§ Task
From the first line of the data below through the line bearing "Jan 26, 2002 |", reproduce each line exactly; do not include pictures.

§ Data excerpt
####

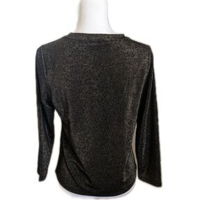 DKNY black & gold stretch metallic sparkle long sleeved t shirt with cutout M
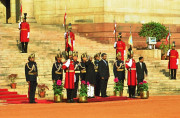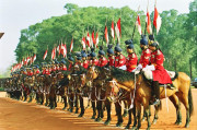 | Caption: | The PBG presenting the salute to the President of India, Shri K R Narayanan before leaving for the Republic Day Parade at the Forecourt of Rashtrapati Bhavan in New Delhi on Jan 26, 2002 |
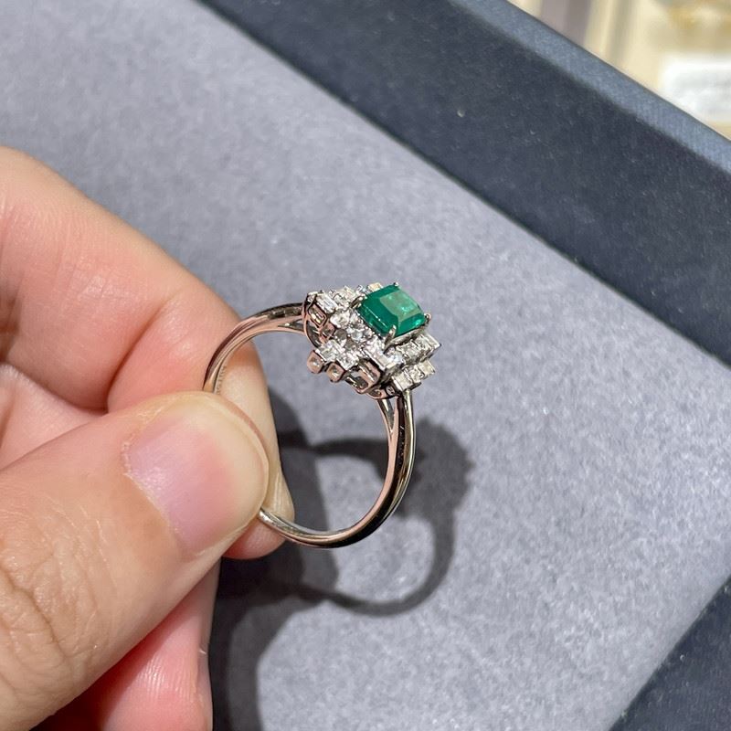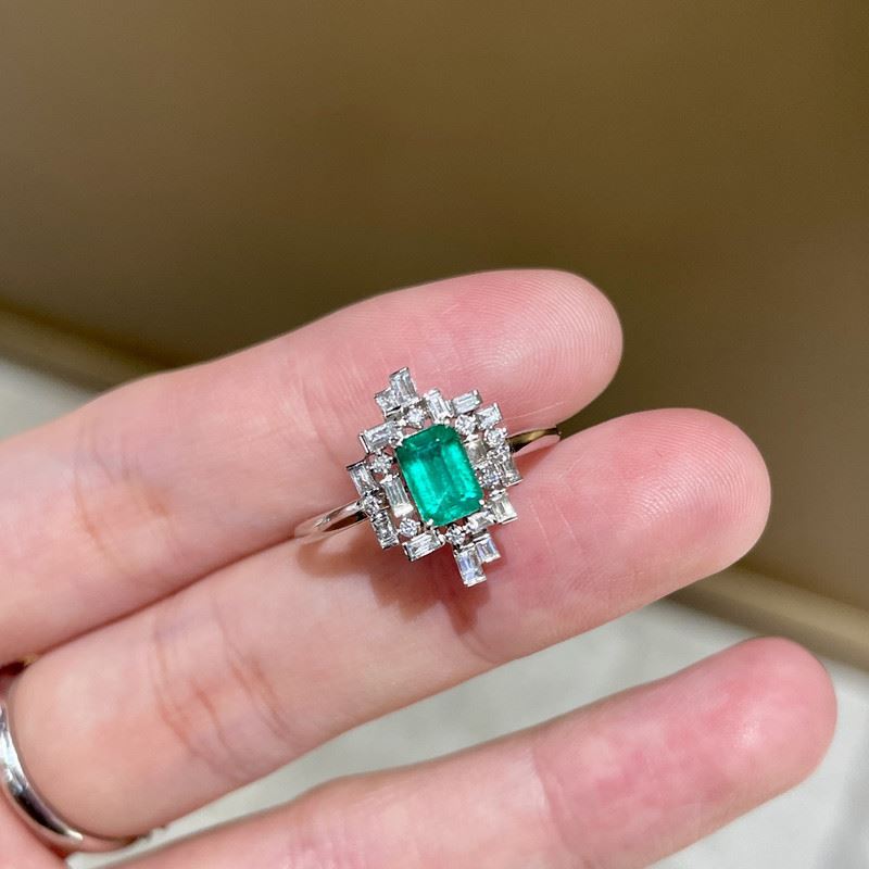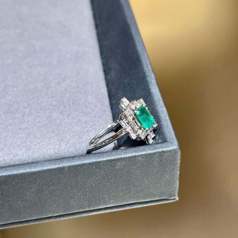 This 18K gold ring features a rectangular emerald surrounded by finely cut diamonds in a tiered arrangement. The design exudes refined elegance, blending vintage charm with contemporary sophistication.Ring size: 6, circumference: 52 mm, diameter: 16.6 mm, total weight: 3.48g.Note: GUILD certificate, comes with a jewelry, gemstone, and precious metal authentication certificate.
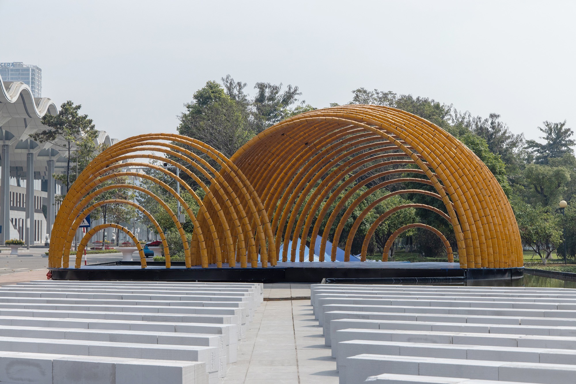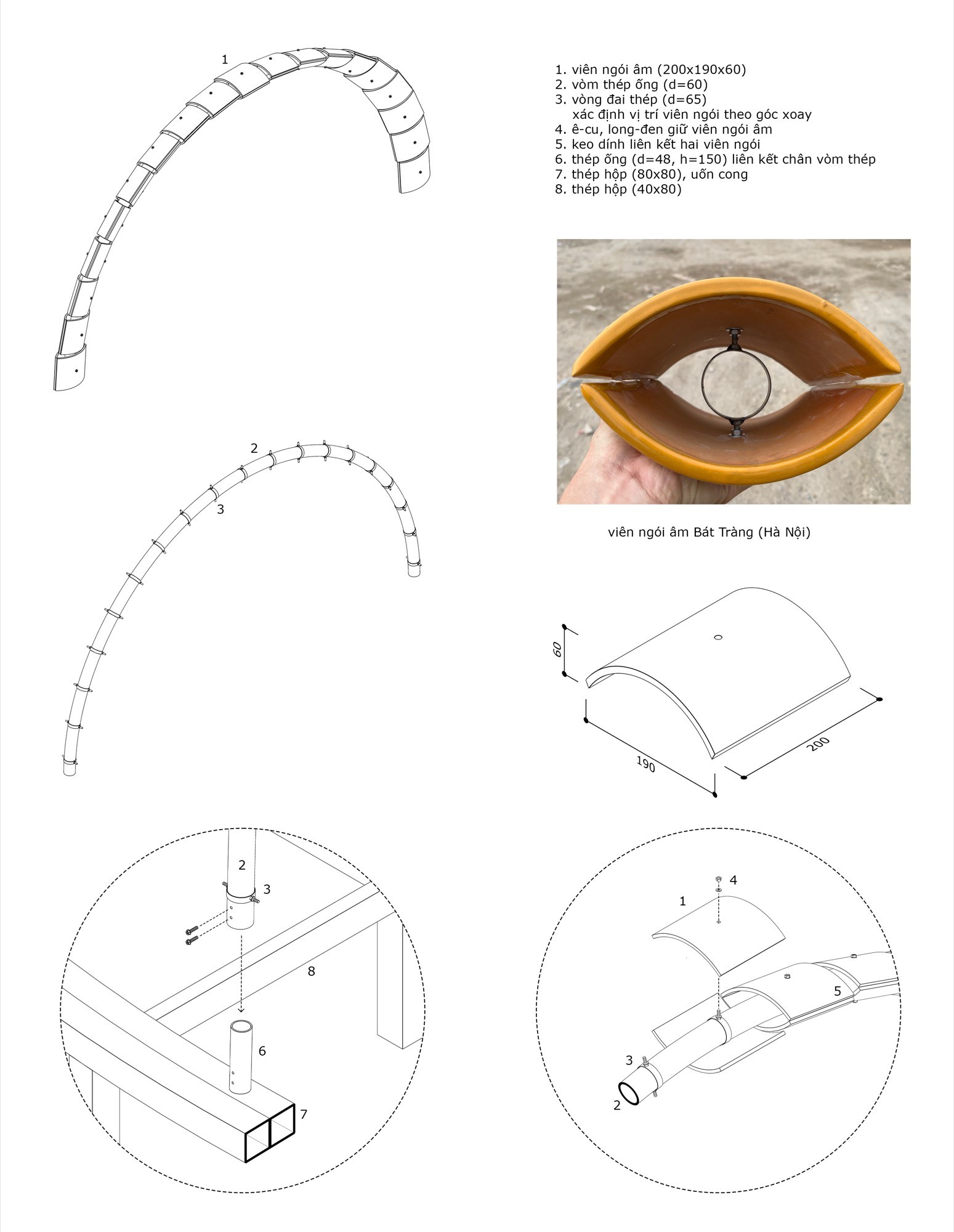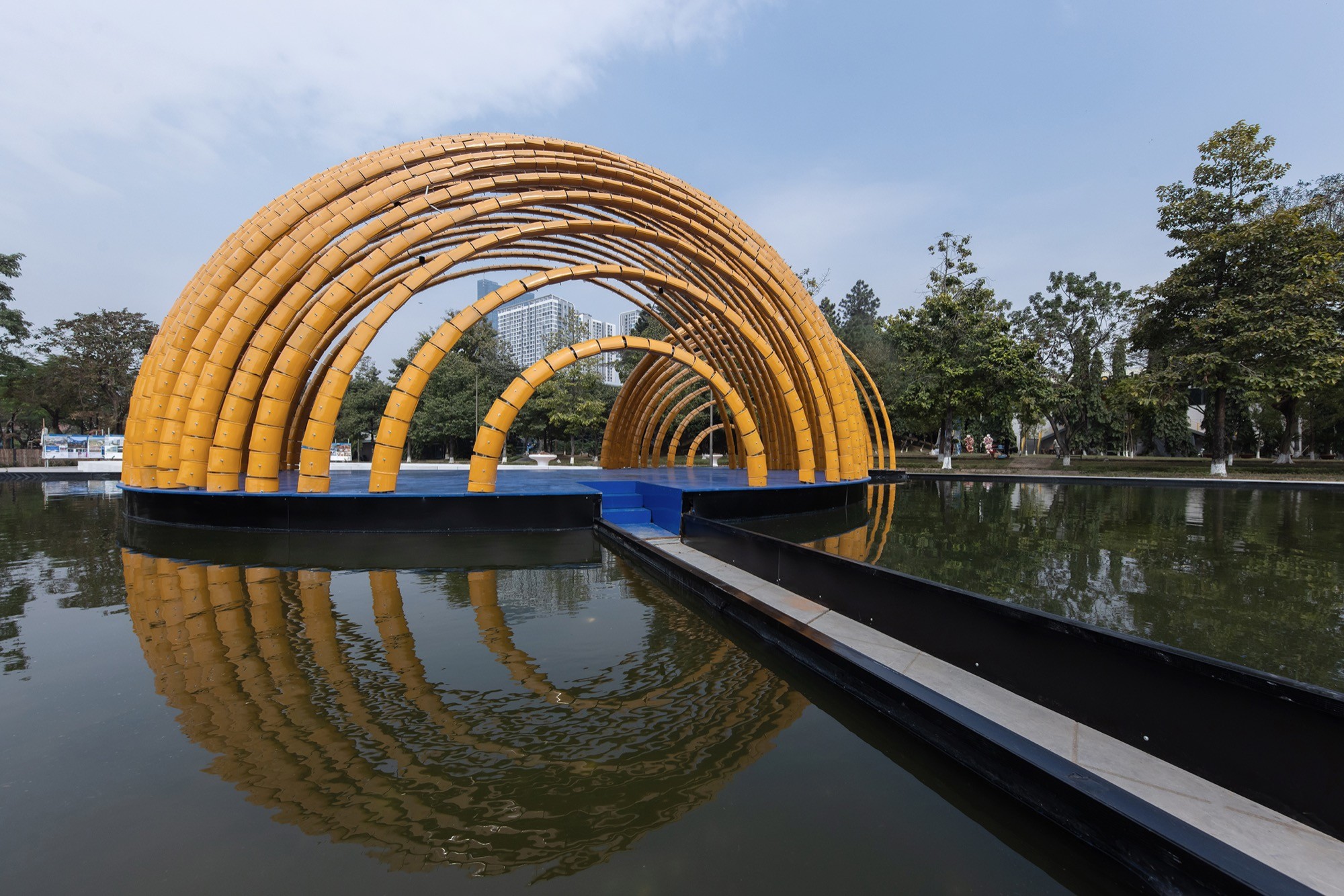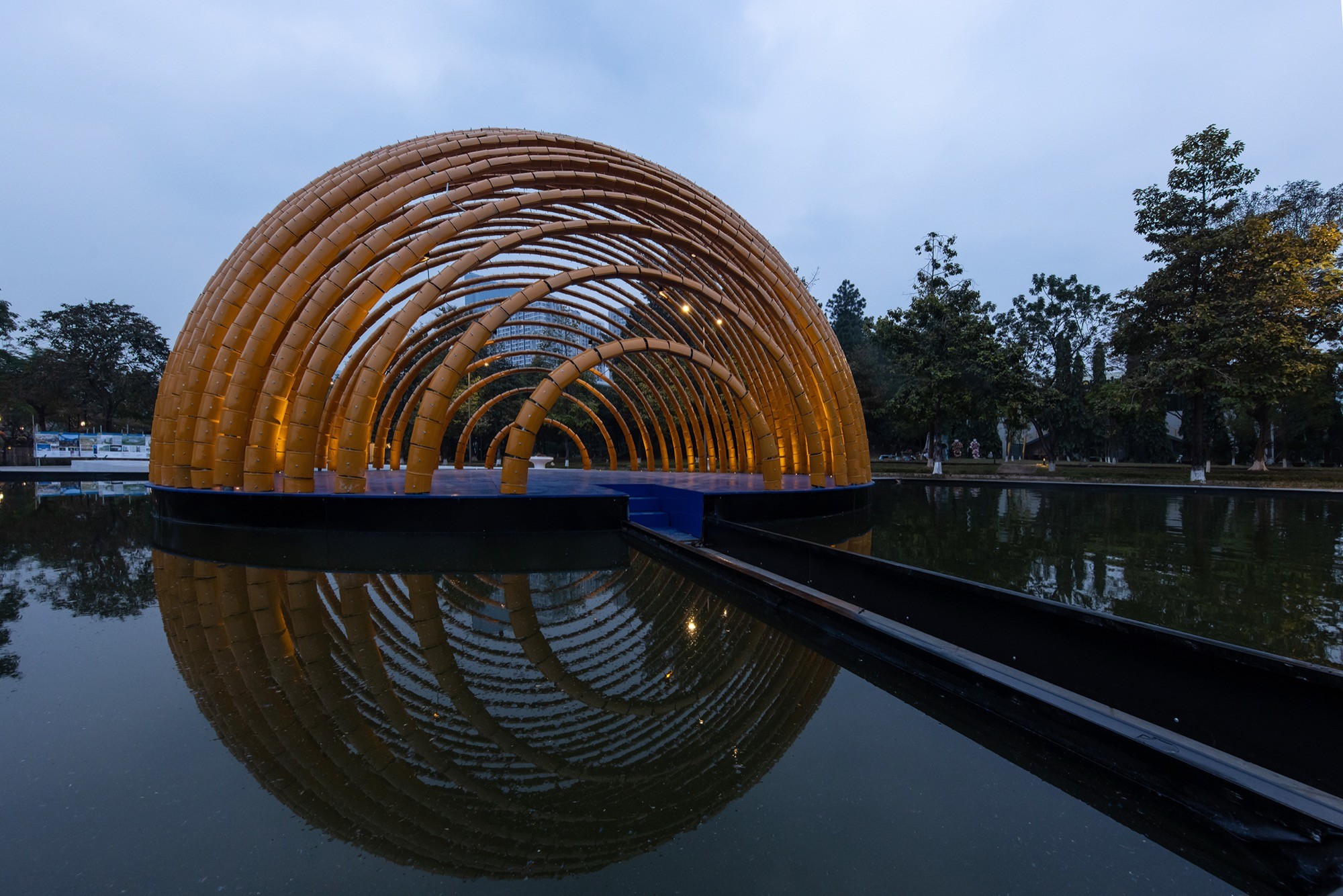 Ngói âm truyền thống tráng men vàng được sử dụng như vật liệu chủ đạo, định hình lớp vỏ với những lớp liên tưởng chồng xếp, từ giọt nước, đốt tre, đến những tia nước vươn lên và vòm trời căng sáng. Ở chiều ngược lại, đó cũng có thể là cơn “mưa vàng” nuôi dưỡng sự sống, một ẩn dụ nhẹ nhàng về chu trình tự nhiên và khả năng tái sinh của đô thị.

####

§ Task response
 DKNY black & gold stretch metallic sparkle long sleeved t shirt with cutout M
 | Caption: | The PBG presenting the salute to the President of India, Shri K R Narayanan before leaving for the Republic Day Parade at the Forecourt of Rashtrapati Bhavan in New Delhi on Jan 26, 2002 |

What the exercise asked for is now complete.